Controls are used to check assay performance, with special focus on the least robust components. Multiple types of controls are used in RNA profiling. A “no template” control can evaluate background signal and contamination by stray nucleic acid. An exogenous control is run alongside patient specimens to evaluate assay performance in a general manner. A separate exogenous control, representing each of the main outcome groups, could be included for every X patients who are run, with X chosen based on the medical impact of an erroneous classification and the timeliness required to correct any error, recognizing that failure of a control will launch an investigation that questions the results for those patients tested since the last time that the control performed as expected.
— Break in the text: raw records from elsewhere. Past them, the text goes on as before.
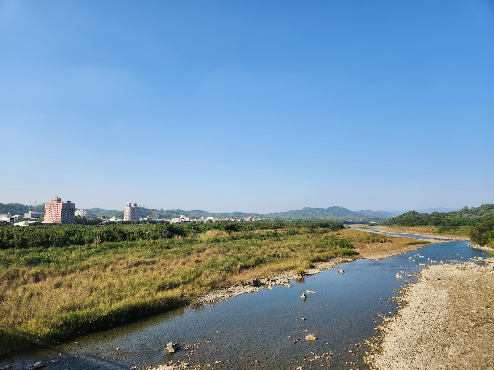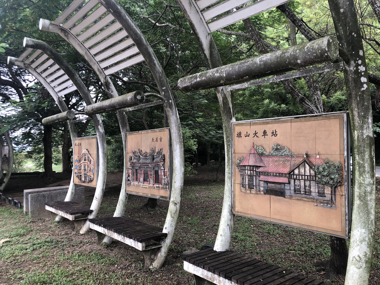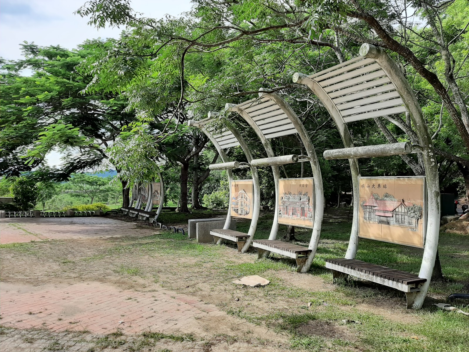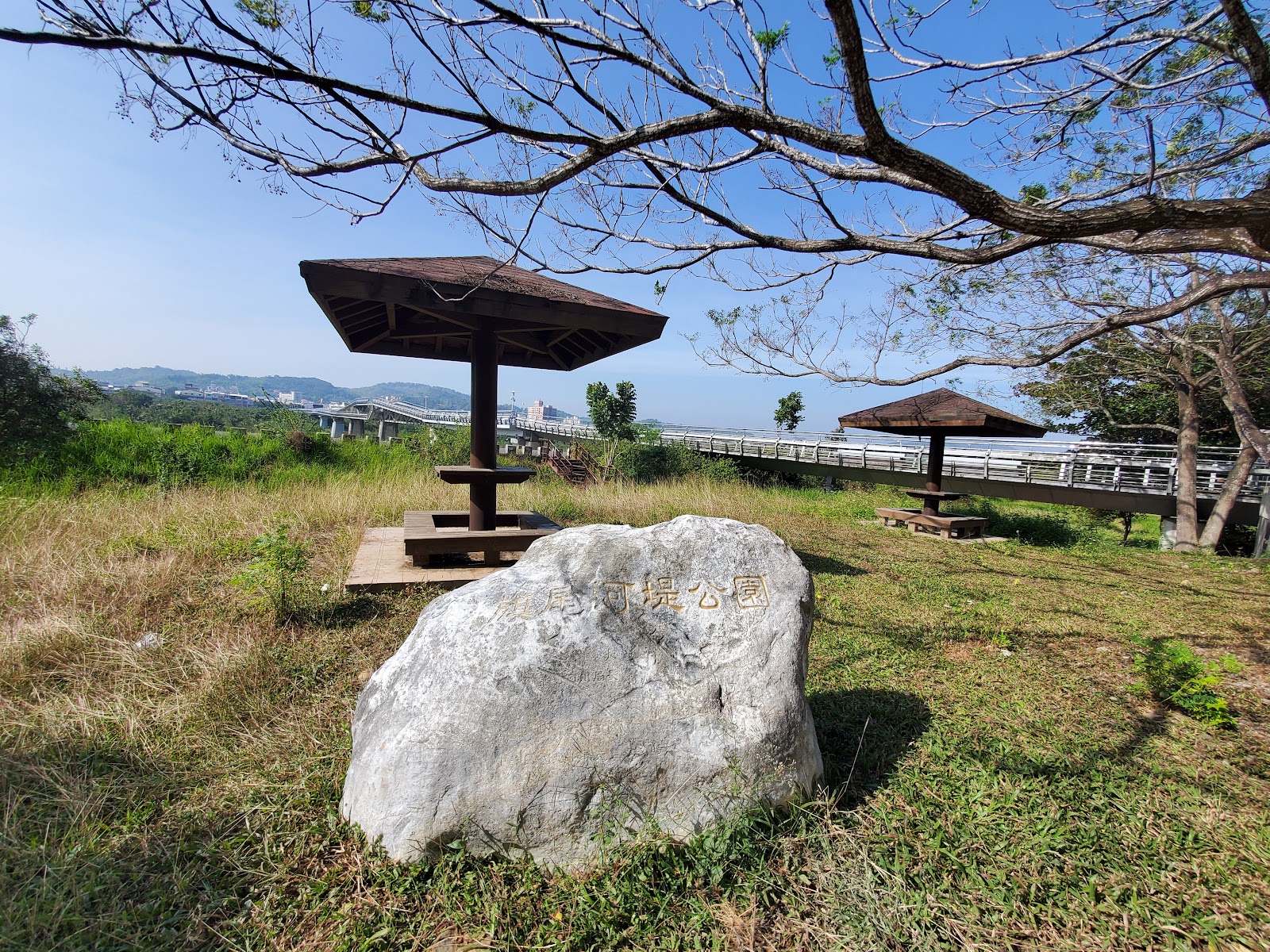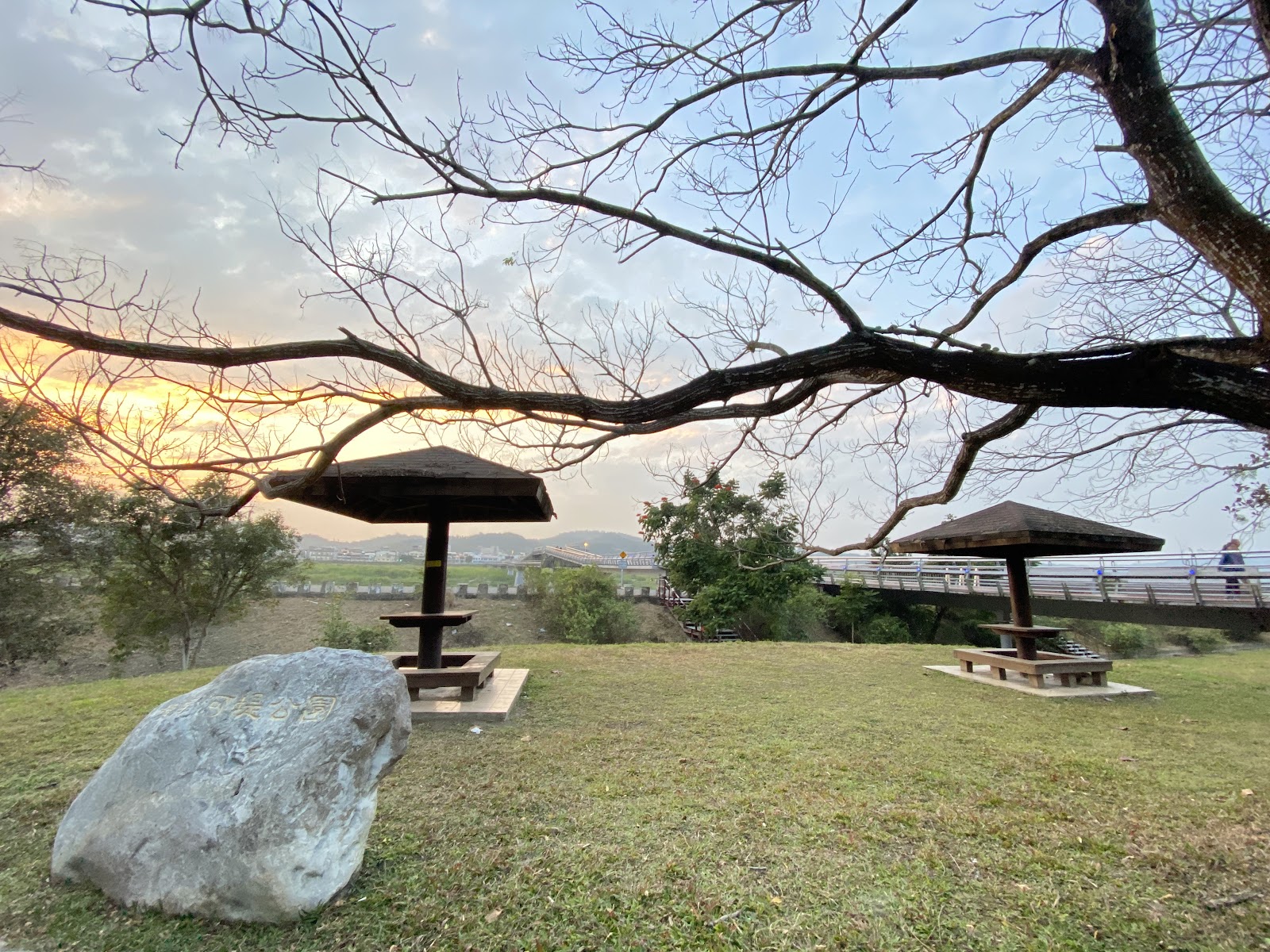 喜歡把車停在“旗尾河堤公園”旁的停車場,走路2-3分鍾,可走“旗山溪景觀主題步道橋”,走到對岸,剛好可逛“旗山老街”。河堤公園不大,有涼亭,可看旗山溪風光,看夕陽也不錯的點。
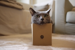 うちのグン太も、世界中のネコと同じように箱が大好き。どんなに小さな箱にでも入ってみせます!
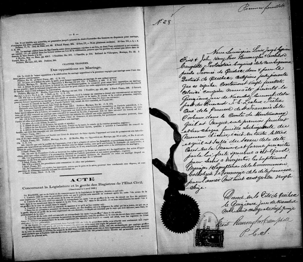 Saint-François-de-Sales, Île d'Orléans, 1682-1922, Archives nationales à Québec, Fonds Cour supérieure. District judiciaire de Québec. État civil, (03Q,CE301,S14).
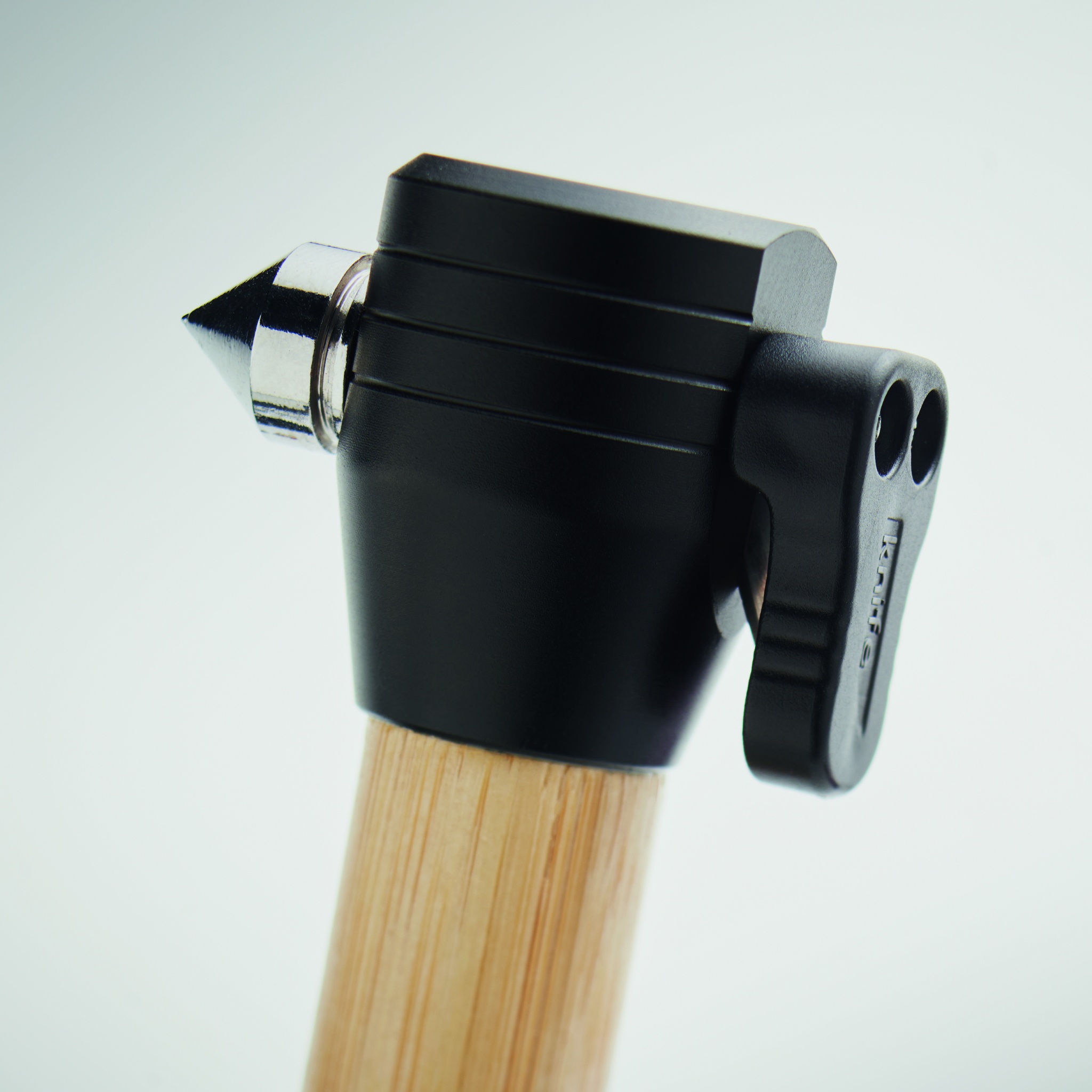 Logotrade firmakingi foto: 3-ühes bambusest taskulamp koos avariivasara ja turvavöölõikuriga
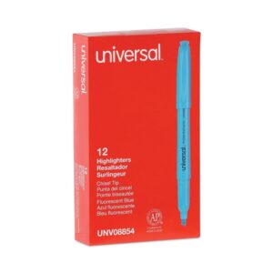 Universal Pocket Clip Highlighter, Chisel Tip, Fluorescent Blue Ink, Dozen -UNV08854
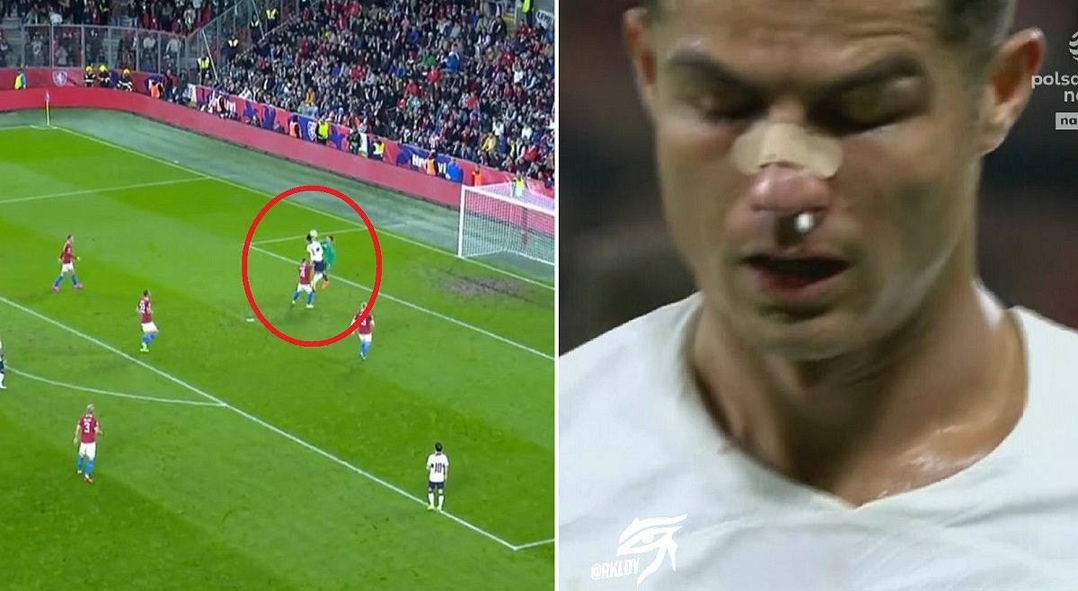 Cristiano Ronaldo đã có hiệp 1 đen đủi khi Bồ Đào Nha tới làm khách của CH Czech. CR7 đổ máu sau pha va chạm với thủ môn Tomas Vaclik ở phút 13 và bị VAR xác định dùng tay chơi bóng dẫn tới quả phạt đền ở phút 45+5.
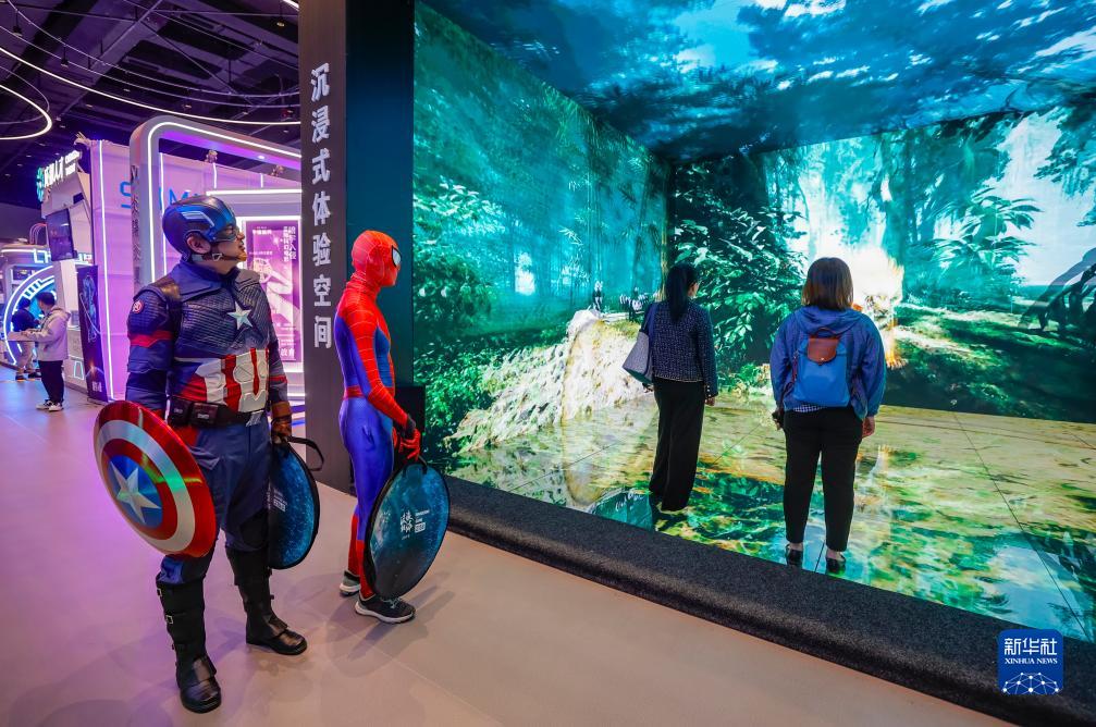 10月18日,在2023成都世界科幻大會(huì )主題展覽上,兩名科幻迷裝扮成科幻電影形象“美國隊長(cháng)”和“蜘蛛俠”(左一、左二),在沉浸式體驗空間觀(guān)看多媒體藝術(shù)作品。

An endogenous control checks an inherent feature of patient sample, such as a housekeeping transcript, which is particularly valuable for assessing preanalytic factors (eg, viable cellularity, collection, preservative, shipping, and storage). Because of inherent biological variability in levels of any given gene product, it is recommended to identify several housekeepers that are consistently expressed at low to high levels in the relevant tissue or fluid. Adequate expression of these housekeepers reflects suitable hybridizable RNA, thus permitting rejection of poor-quality specimens or those with faulty technical analysis. In addition, housekeepers can serve as a normalizer by which to quantify target RNAs.73,77–79 Caution is warranted because ex vivo degradation proceeds at different rates for different analytes, reinforcing the need to validate the control and normalization strategy to promote comparability of results across specimens.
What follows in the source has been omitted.